Gainsbourg (hors champ), p. 258

Sfar auteur de bandes dessinées évoque la sexualité avec une franchise rare. Dans Pascin, mais aussi dans Le Minuscule Mousquetaire. Et son blog nous apprend qu’il prépare actuellement « un roman-photo dessiné porno ». Comment expliquer, alors, l’extrême pudeur dont il fait preuve dans la série de ses Carnets (qui, à ce jour, totalisent environ trois mille pages) ? Il y a là un mystère, un point aveugle.

Dans son acception sfarienne, le carnet est un chantier, un lieu extrêmement accueillant, ouvert, mouvant, où peuvent se succéder librement textes manuscrits, croquis, séquences de bande dessinée et même contributions d’auteurs amis. Le même éclectisme caractérise les thèmes abordés : scènes de la vie familiale (nous y voyons grandir sa fille Tautmina et naître Raoul, le petit frère), discussions sur le dessin, la politique ou le judaïsme, apprentissage de nouveaux instruments de musique, rapport aux médias et à la célébrité, récits de voyage… Le carnet attire à lui tout ce qui ne relève pas de la fiction. Tout, sauf la confession érotique, que, manifestement, Sfar s’interdit.

Comparés à d’autres bandes dessinées relevant des écritures du moi (et je ne pense pas seulement ici à Aurelia Aurita), ses carnets sont éminemment chastes. Sfar y parle de ses histoires d’amitié, pas de ses amours. Il dessine son épouse comme une très jolie femme, mais l’enferme, pour l’essentiel, dans son rôle de mère de leurs deux enfants. Et lui-même se représente le plus souvent comme une sorte de gros nounours un peu infantile.

Dans le numéro hors série de Casemate consacré à son film, Sfar dit : « Mon père et mon grand-père, qui m’ont élevé, étaient de vrais Don Juan.
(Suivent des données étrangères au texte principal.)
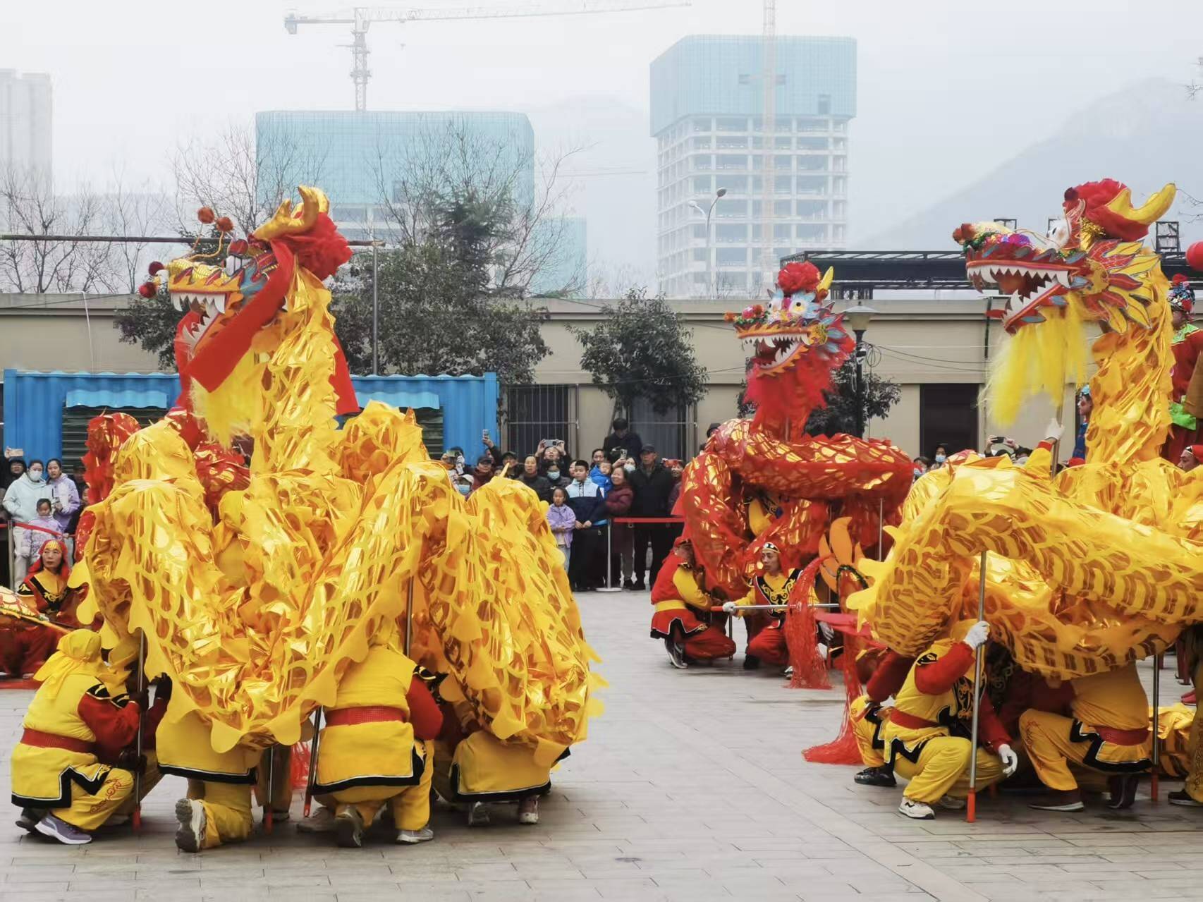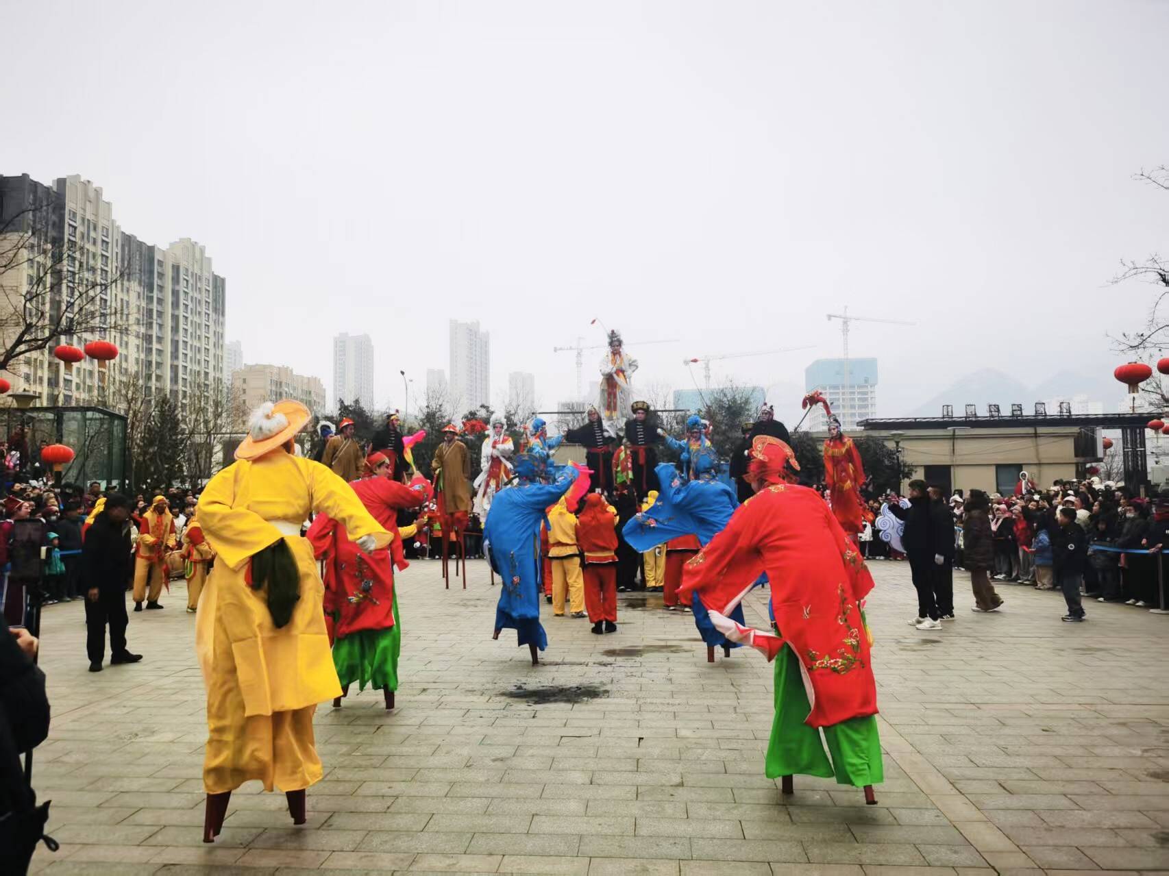 为弘扬中华优秀传统文化,丰富居民节日文化生活,营造喜庆祥和的节日氛围,2月26日,十六里河街道北康社区特邀仲宫街道二仙村民俗表演队,在社区广场举办“龙腾鼓乐闹元宵”民俗展演活动,为居民送上了一场融合了踩高跷、六龙共舞与云彩花灯展演的非遗文化盛会。
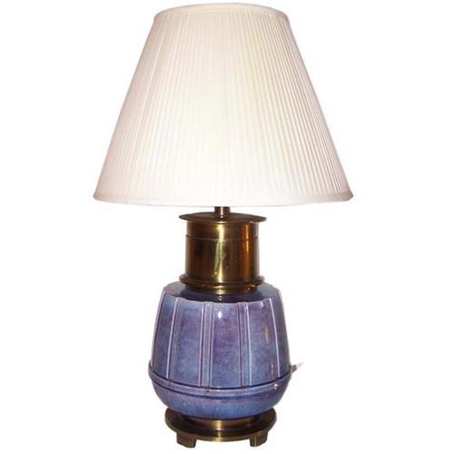 Condition: Very good condition with minor patina to brass, crazing to pottery. No major imperfections.

Moi, je vis avec ma femme depuis vingt ans, nous sommes très heureux, mais, superstitieux, je n’aime pas en parler ». Soyons clair : la vie amoureuse de Joann Sfar ne regarde que lui, et il a bien le droit de protéger son intimité. Mais il n’empêchera pas que, pour son lecteur, le grand écart entre la vitalité sexuelle dont témoignent ses œuvres et l’extrême pudeur des carnets apparaisse comme un mystère.

Et sans doute ne détesterait-on pas de le voir offrir de lui-même une image un peu moins lisse et bienséante, et qu’il se souvînt de l’importance d’introduire ne fût-ce que l’ombre d’une corne de taureau dans les livres où il prétend se confier à nous.